» Data
• • • •

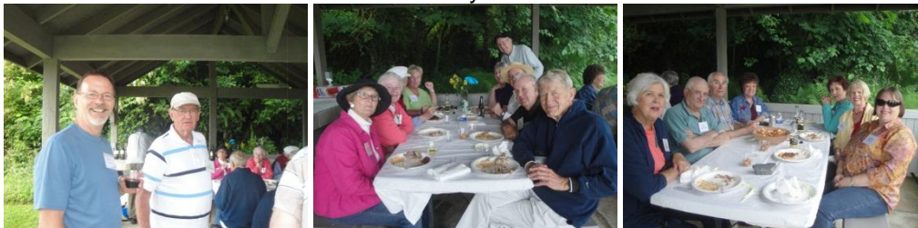
Great food! Great friends! Great weather? 2 out of 3 ain't bad!
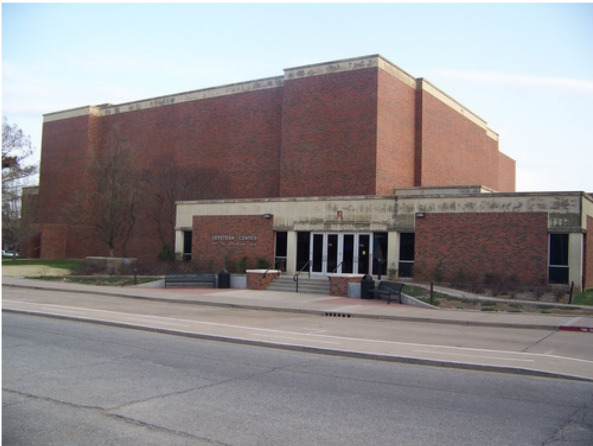
Current OSU Performing Arts Center, the Seretean Center
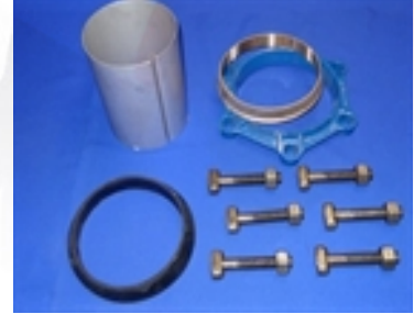
HDPE Joint Restraint Kits

• • • •

» Description of the task
The lines from the one containing "Current OSU Performing" to the final line of the material, both ends included, should be retyped exactly and alone, with no pictures.

» Result for this task
Current OSU Performing Arts Center, the Seretean Center
HDPE Joint Restraint Kits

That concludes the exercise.